Provided material:

.....

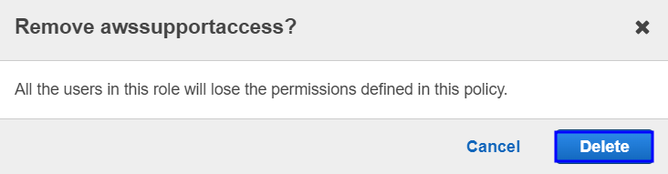 - Click on the remove button or cross button to remove the AWSSupportAccess policy from your role.
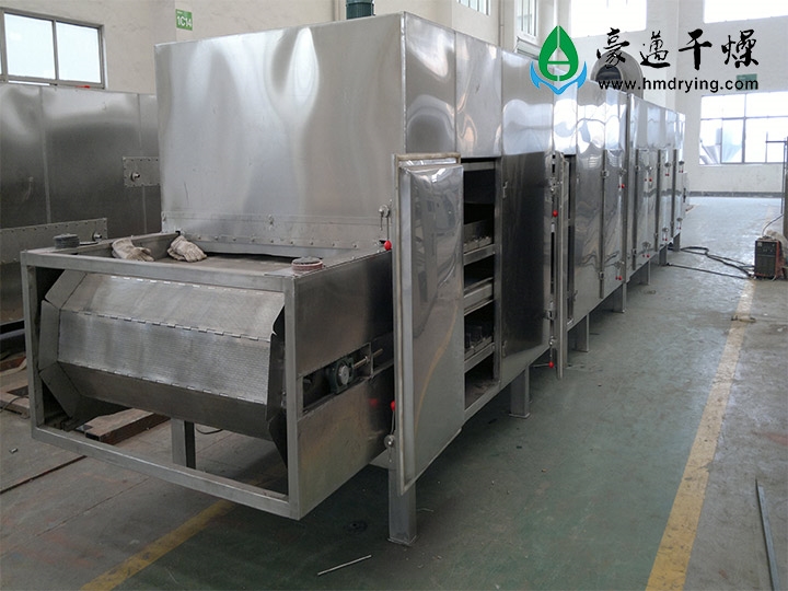 目前小塊的物料及纖維質(zhì)物料的干燥使用較多的設(shè)備有箱式干燥機(jī)、隧道式干燥機(jī)和網(wǎng)帶式干燥機(jī)三大類。前兩種為間歇式生產(chǎn),勞動(dòng)強(qiáng)度大、自動(dòng)化程度低、不可控因素多;網(wǎng)帶式干燥機(jī)實(shí)現(xiàn)了物料進(jìn)出的連續(xù)性和自動(dòng)化,生產(chǎn)效率高,符合現(xiàn)代化大生產(chǎn)的發(fā)展需求,因此被廣泛應(yīng)用。
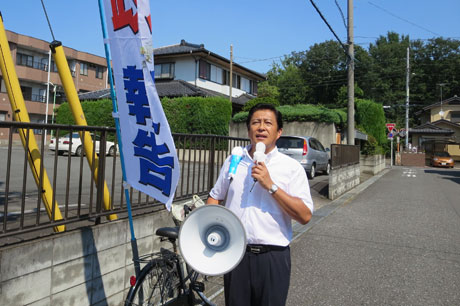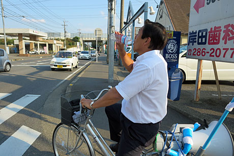 9月22日(月)、今日は一日地元の自転車街頭演説。あまり汗はかかないけれどジリジリと照りつける太陽。
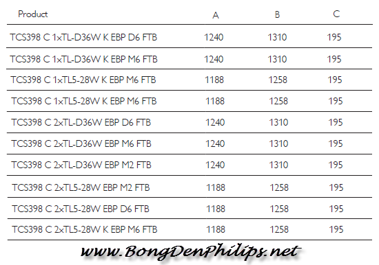 Thông số kỹ thuật bộ máng đèn huỳnh quang Philips 1.2m TCS398
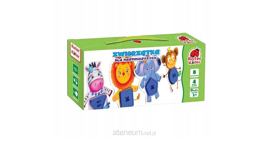 GRA EDUKACYJNA: ZWIERZĄTKA DLA NAJMNIEJSZYCH Słoniątko, małpeczka, lew i zebra zapraszają malucha do wspólnej nauki figur geometrycznych. Wszystkie kartonowe elementy zwierzątek są dwustronne. Z jednej strony przedstawiono chłopczyka, a z drugiej dziewczynkę. Także na każdej ze stron jest pewna figura geometryczna. Maluch powinien uważnie przyglądać się zwierzątkom i narysowanym figurom oraz dobrać guzik o odpowiednim kształcie. Jeśli guzik został dobrany prawidłowo, następnie należy go przymocować do figurki zwierzęcia przy pomocy specjalnego sznurka. Gra trenuje drobną motorykę, logiczne myślenie, pamięć i mówienie.
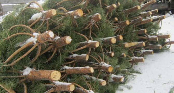 В Брянке группа молодых людей вырубила елки с территорий учебных заведений
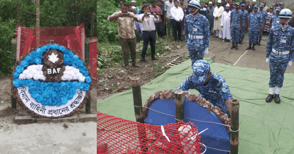 মাইলস্টোন স্কুল অ্যান্ড কলেজে যুদ্ধবিমান বিধ্বস্তে নিহত তৃতীয় শ্রেণির ছাত্রী রাইসা মনি‘র (৯) কবরে শ্রদ্ধা নিবেদন করলেন বাংলাদেশ বিমান বাহিনী সদস্যরা।
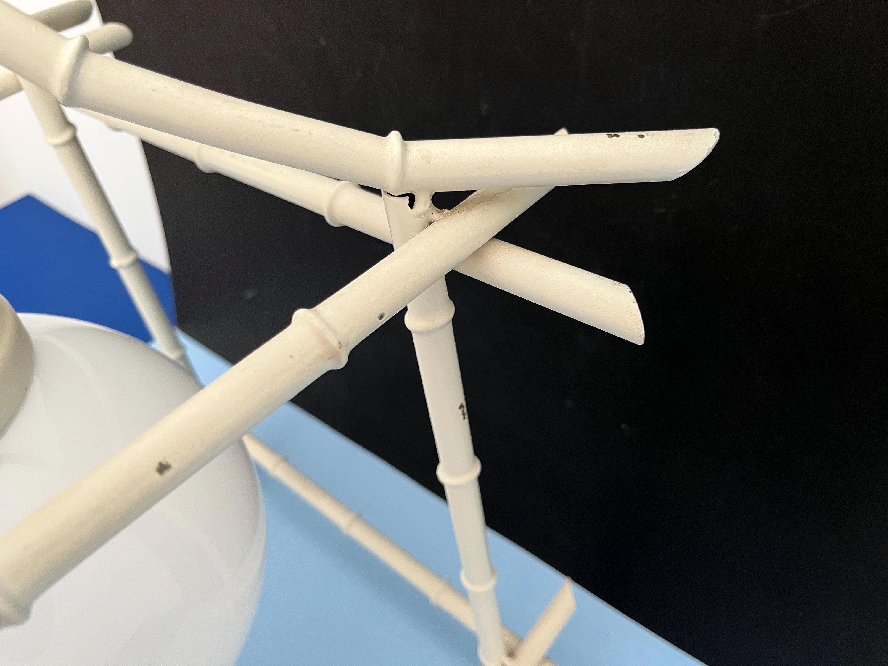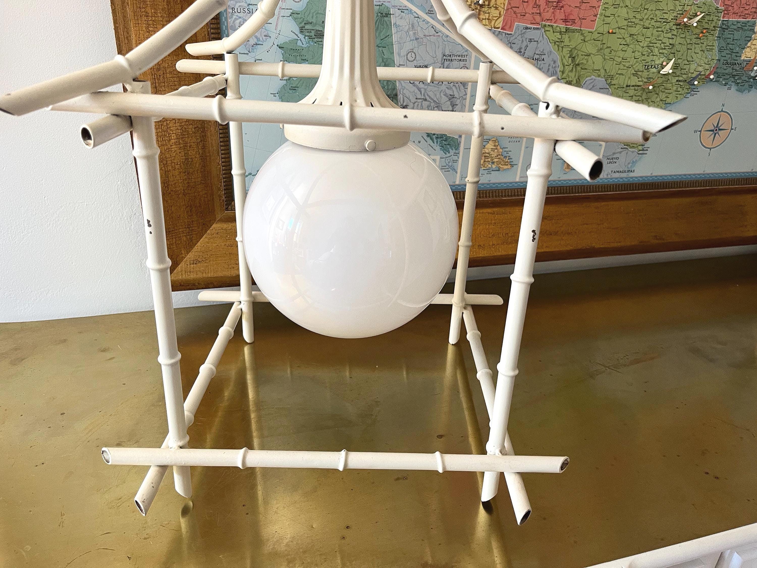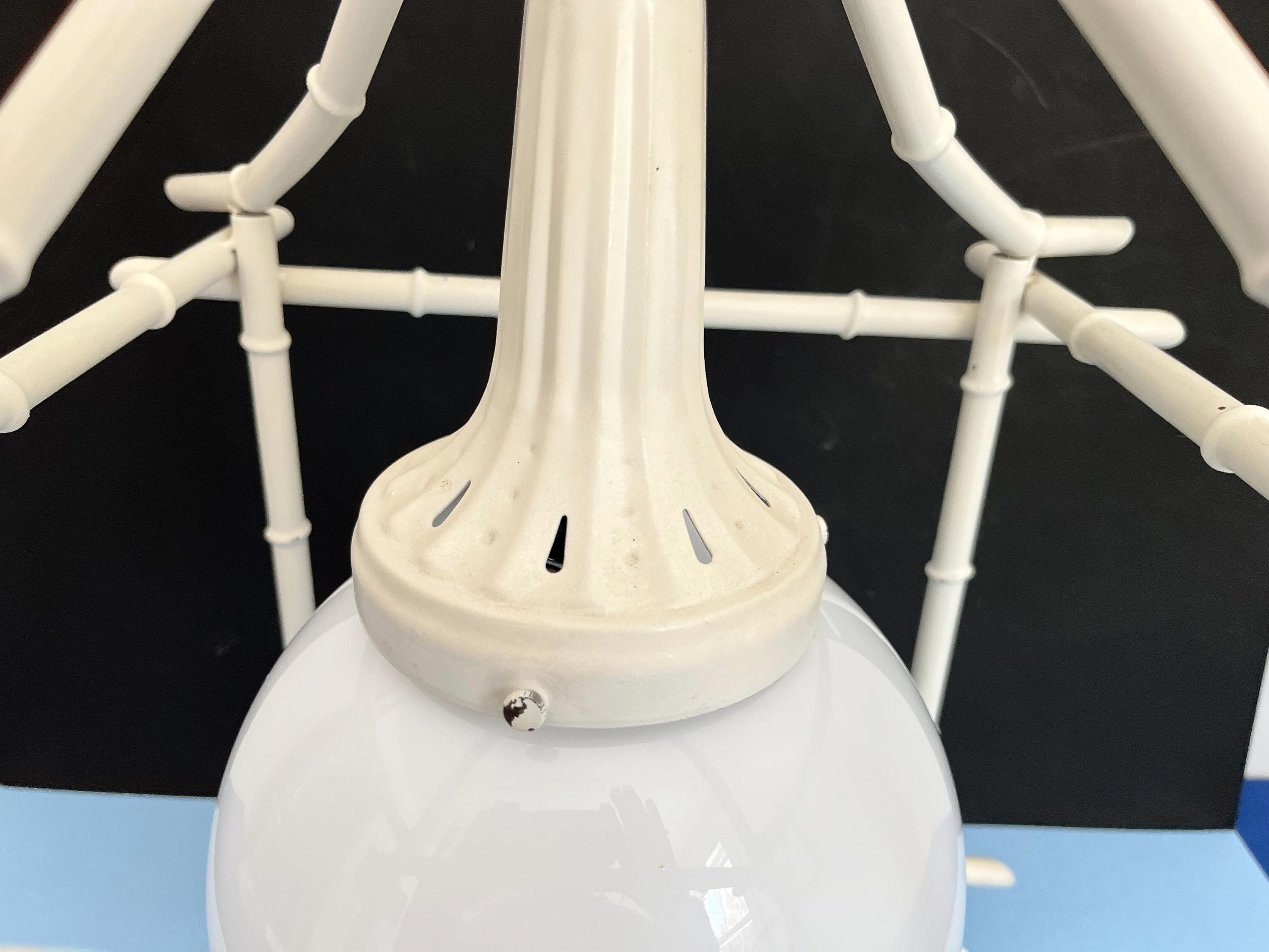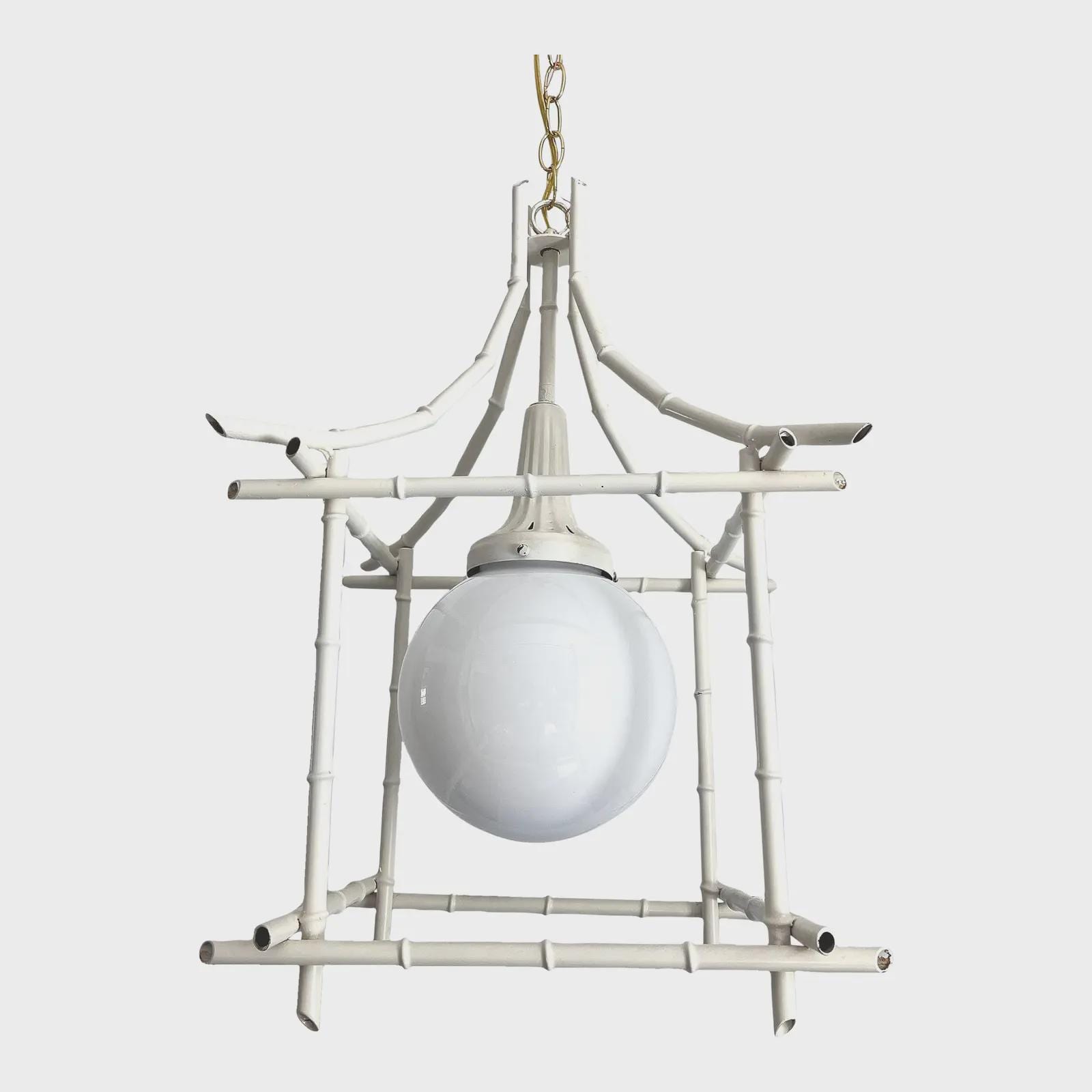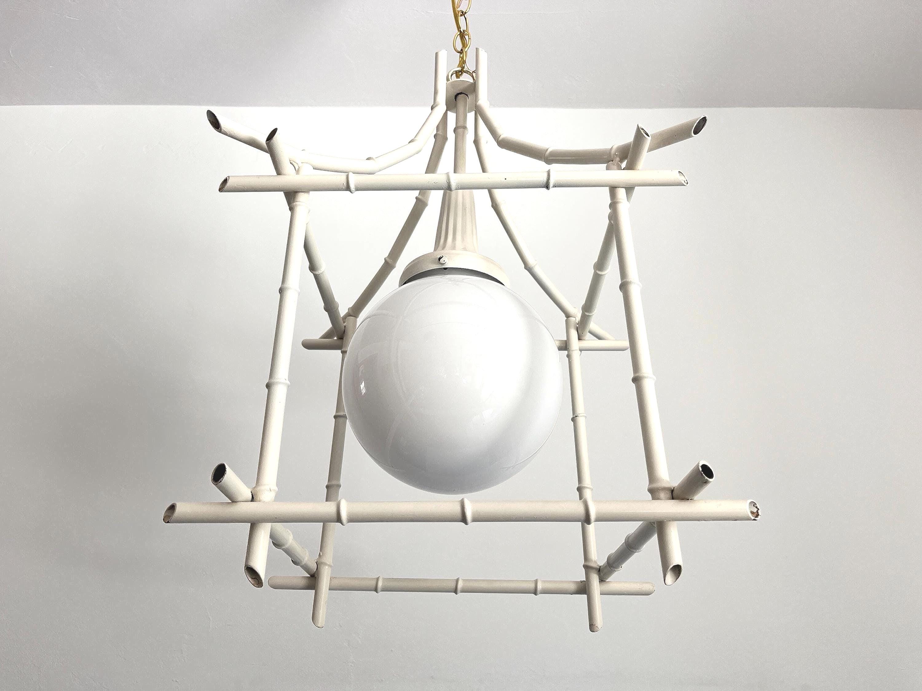 Big Italian bamboo style pagoda pendant light from the 1960s in its original bone white finish with sculptural open squared tole frame and central milk glass globe light. Professionally restored with new wiring and porcelain socket for standard bulb.
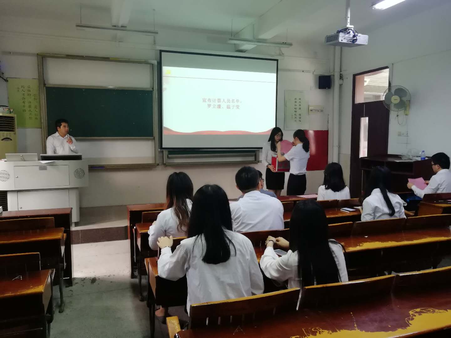 4月25日,国际商管系学生党支部于莞城校区2211课室召开全体党员大会,选举新一届国际商管系支部委员。本次会议应出席正式党员11人,实际出席9人,超过应到会人数的五分之四,可以开会。
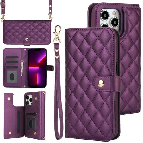 For iPhone 13 Pro Max Crossbody Phone Case Multi-function Rhombic Leather Case (Dark Purple)

.....

What the task requires:
Beginning with the line that contains "4月25日,国际商管系学生党" and ending with the last line of the data above, output those lines exactly and nothing more, without any pictures.

Solution to this task:
 4月25日,国际商管系学生党支部于莞城校区2211课室召开全体党员大会,选举新一届国际商管系支部委员。本次会议应出席正式党员11人,实际出席9人,超过应到会人数的五分之四,可以开会。
 For iPhone 13 Pro Max Crossbody Phone Case Multi-function Rhombic Leather Case (Dark Purple)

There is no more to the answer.